Now, we create the model. We use a sequential model, meaning we can sequentially add layers to it as follows:

In [12]:
# Create a model instance (Sequential, as we add each layer in order of appearance)
model = Sequential()

# Add the input layer and connect to 50 hidden neurons
model.add(Dense(50,input_dim=input_dim))

# Connect the neurons to the next 50 neurons
model.add(Dense(50))

# Connect the previous layer to the output layer
model.add(Dense(output_dim))

# Add a final layer for classification based on the sigmoid function (since this is binary)
# We could add this after every layer (more on this later)
model.add(Activation('sigmoid'))

# Create the model with an optimizer, loss function, and evaluation metric. We will cover these in more detail later.
model.compile(optimizer='sgd',loss='binary_crossentropy',metrics=['accuracy'])

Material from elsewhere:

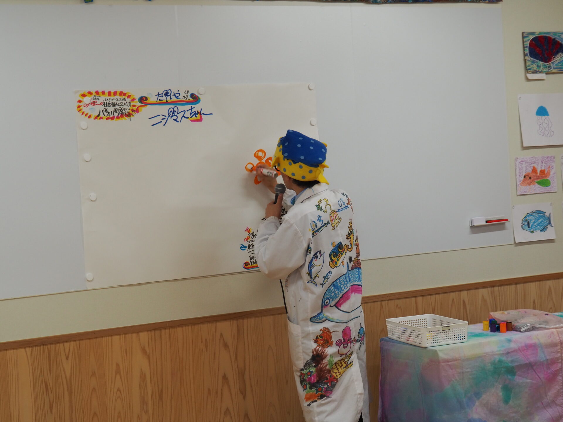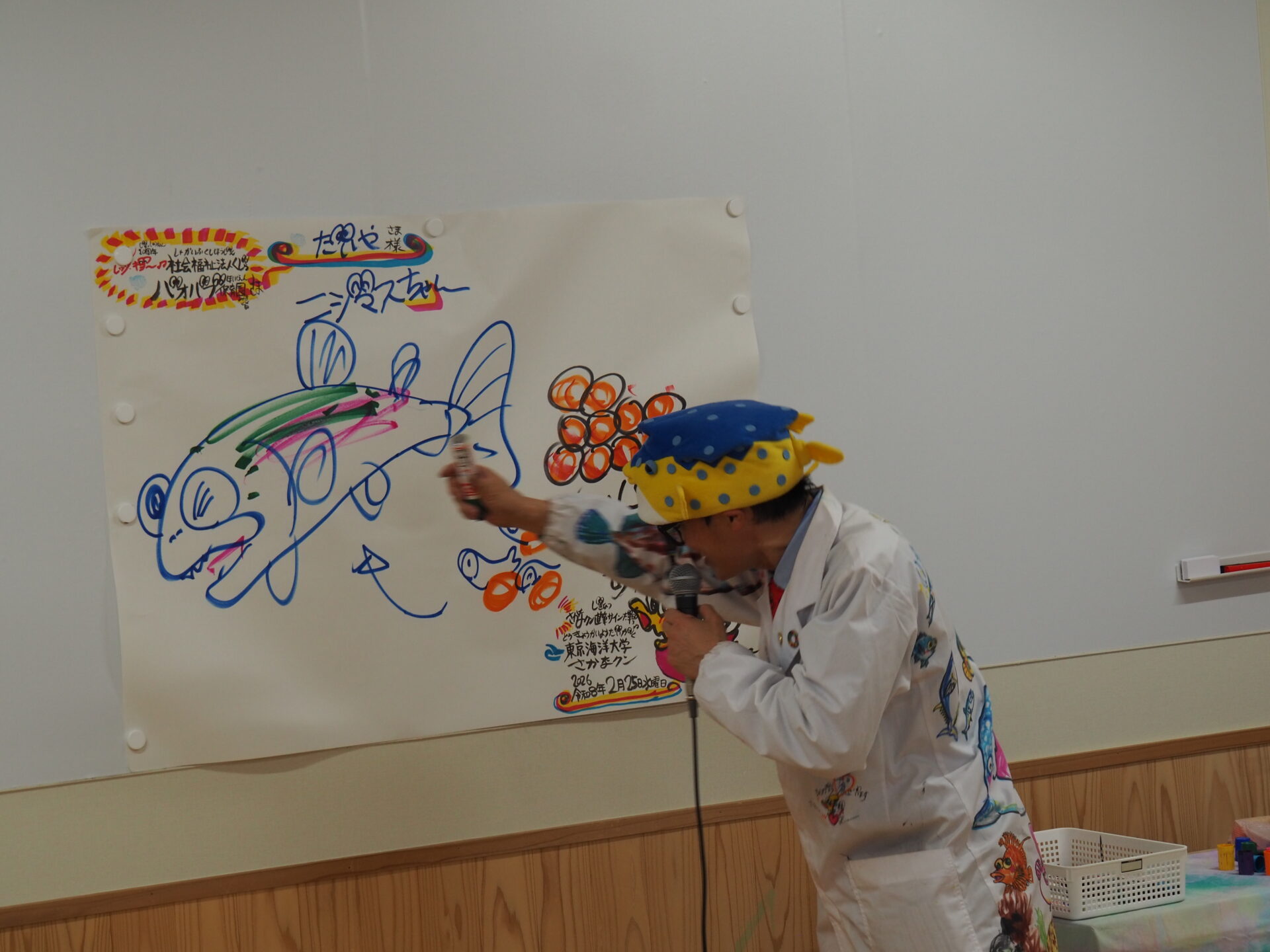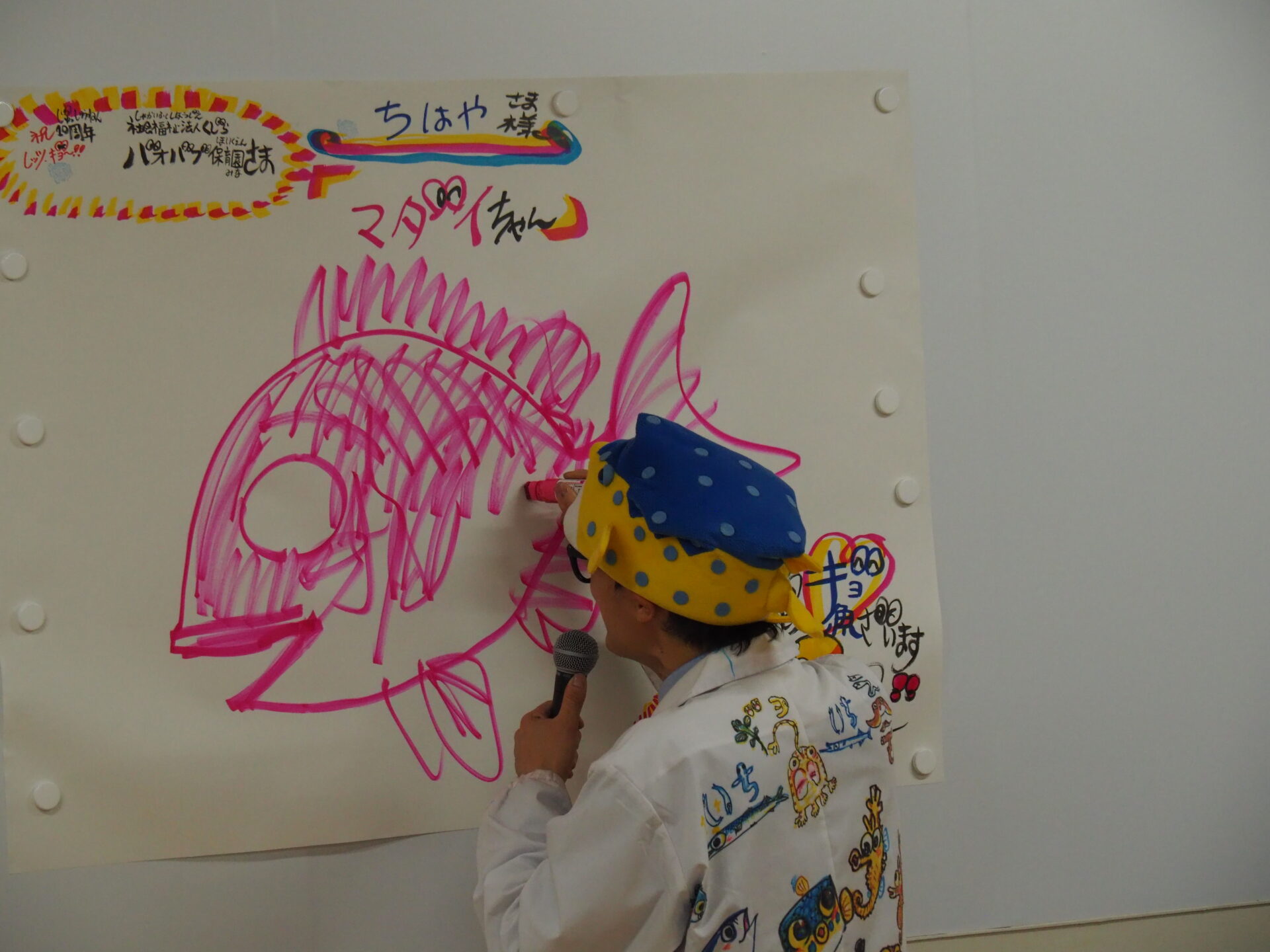さかなクンが絵を描いたりお話している姿見みんなくぎ付け。

We use the ```Dense()``` layer, which connects all inputs to all outputs (a fully connected layer). Now, we can summarise the model and obtain predictions for the test set:

In [13]:
model.summary()
model.fit(X_train,y_train)

# Obtains the results as a class (here 0/1)
prediction_class = model.predict_classes(X_test)
# Obtains the results as a probability
prediction_prob = model.predict_proba(X_test)

Model: "sequential"
_________________________________________________________________
Layer (type)                 Output Shape              Param #   
dense (Dense)                (None, 50)                1550      
_________________________________________________________________
dense_1 (Dense)              (None, 50)                2550      
_________________________________________________________________
dense_2 (Dense)              (None, 1)                 51        
_________________________________________________________________
activation (Activation)      (None, 1)                 0         
Total params: 4,151
Trainable params: 4,151
Non-trainable params: 0
_________________________________________________________________
Instructions for updating:
Please use instead:* `np.argmax(model.predict(x), axis=-1)`,   if your model does multi-class classification   (e.g. if it uses a `softmax` last-layer activation).* `(model.predict(x) > 0.5).astype("int32")`,   if your model 

We use our outcomes to calculate the final evaluation metrics:

In [14]:
print('Accuracy:', accuracy_score(y_test,prediction_class))
print('AUC:',roc_auc_score(y_test,prediction_prob))

Accuracy: 0.7867298578199052
AUC: 0.81831101067768


That's not a bad result. We will learn how to improve it later on.